* Dataset extract:
______________________________

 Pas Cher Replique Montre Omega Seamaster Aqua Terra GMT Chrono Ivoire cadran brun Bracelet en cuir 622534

______________________________

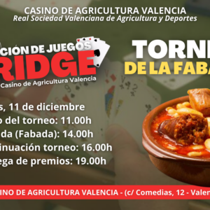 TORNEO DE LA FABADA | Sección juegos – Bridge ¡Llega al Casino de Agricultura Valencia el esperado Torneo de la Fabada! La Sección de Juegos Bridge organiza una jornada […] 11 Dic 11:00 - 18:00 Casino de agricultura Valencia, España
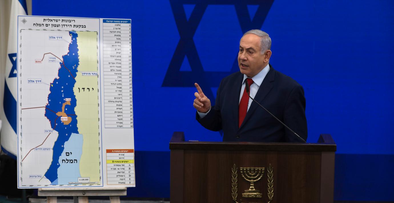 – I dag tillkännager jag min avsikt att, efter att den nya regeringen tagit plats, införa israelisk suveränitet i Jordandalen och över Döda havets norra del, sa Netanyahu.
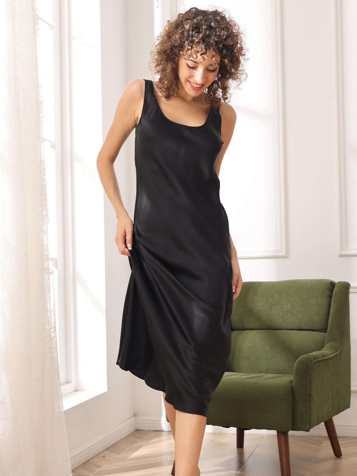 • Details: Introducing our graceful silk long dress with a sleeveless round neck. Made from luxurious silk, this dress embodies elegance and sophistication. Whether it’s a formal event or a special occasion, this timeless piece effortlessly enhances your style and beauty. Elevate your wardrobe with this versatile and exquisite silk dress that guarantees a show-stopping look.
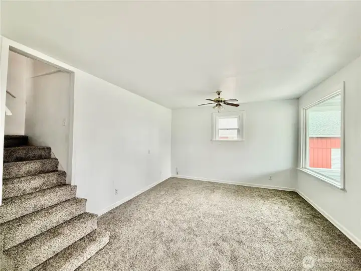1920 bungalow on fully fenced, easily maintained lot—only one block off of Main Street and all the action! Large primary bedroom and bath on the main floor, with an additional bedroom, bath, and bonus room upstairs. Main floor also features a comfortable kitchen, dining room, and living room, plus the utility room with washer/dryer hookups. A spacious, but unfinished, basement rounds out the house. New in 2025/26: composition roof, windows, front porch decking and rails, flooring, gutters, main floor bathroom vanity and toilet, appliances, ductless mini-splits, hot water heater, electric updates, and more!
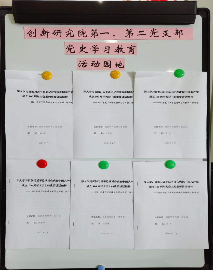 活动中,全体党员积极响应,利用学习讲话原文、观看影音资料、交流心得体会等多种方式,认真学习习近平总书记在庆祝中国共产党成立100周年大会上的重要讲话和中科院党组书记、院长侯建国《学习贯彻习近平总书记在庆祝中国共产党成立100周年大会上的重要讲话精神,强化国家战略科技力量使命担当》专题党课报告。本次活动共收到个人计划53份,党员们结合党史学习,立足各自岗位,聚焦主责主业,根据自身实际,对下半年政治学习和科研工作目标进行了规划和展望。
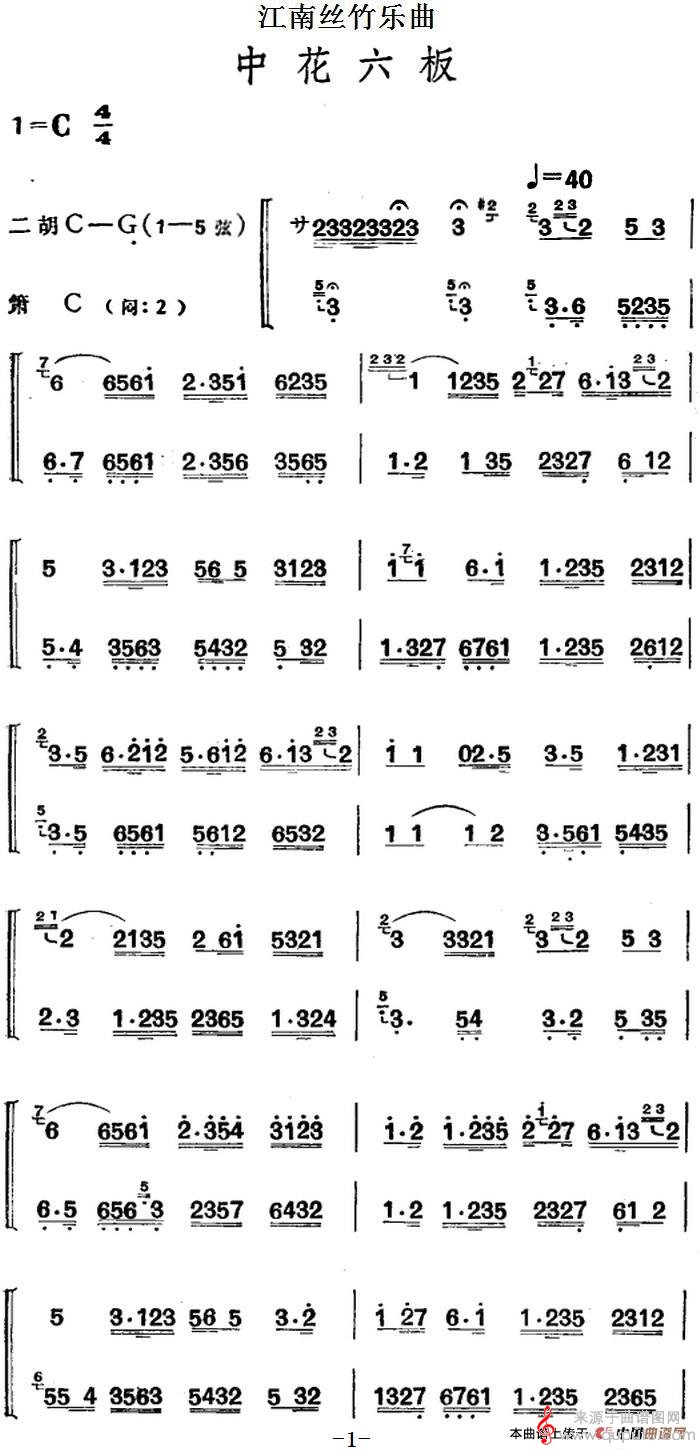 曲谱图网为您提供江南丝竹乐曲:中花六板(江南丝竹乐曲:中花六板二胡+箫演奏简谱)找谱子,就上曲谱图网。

______________________________

* Required work:
Above are the records; return the lines in them from the one with "del, sa Netanyahu." to the one with "曲谱图网为您提供江南丝竹乐曲", inclusive, exactly and without images.

* Solution:
 – I dag tillkännager jag min avsikt att, efter att den nya regeringen tagit plats, införa israelisk suveränitet i Jordandalen och över Döda havets norra del, sa Netanyahu.
 • Details: Introducing our graceful silk long dress with a sleeveless round neck. Made from luxurious silk, this dress embodies elegance and sophistication. Whether it’s a formal event or a special occasion, this timeless piece effortlessly enhances your style and beauty. Elevate your wardrobe with this versatile and exquisite silk dress that guarantees a show-stopping look.
1920 bungalow on fully fenced, easily maintained lot—only one block off of Main Street and all the action! Large primary bedroom and bath on the main floor, with an additional bedroom, bath, and bonus room upstairs. Main floor also features a comfortable kitchen, dining room, and living room, plus the utility room with washer/dryer hookups. A spacious, but unfinished, basement rounds out the house. New in 2025/26: composition roof, windows, front porch decking and rails, flooring, gutters, main floor bathroom vanity and toilet, appliances, ductless mini-splits, hot water heater, electric updates, and more!
 活动中,全体党员积极响应,利用学习讲话原文、观看影音资料、交流心得体会等多种方式,认真学习习近平总书记在庆祝中国共产党成立100周年大会上的重要讲话和中科院党组书记、院长侯建国《学习贯彻习近平总书记在庆祝中国共产党成立100周年大会上的重要讲话精神,强化国家战略科技力量使命担当》专题党课报告。本次活动共收到个人计划53份,党员们结合党史学习,立足各自岗位,聚焦主责主业,根据自身实际,对下半年政治学习和科研工作目标进行了规划和展望。
 曲谱图网为您提供江南丝竹乐曲:中花六板(江南丝竹乐曲:中花六板二胡+箫演奏简谱)找谱子,就上曲谱图网。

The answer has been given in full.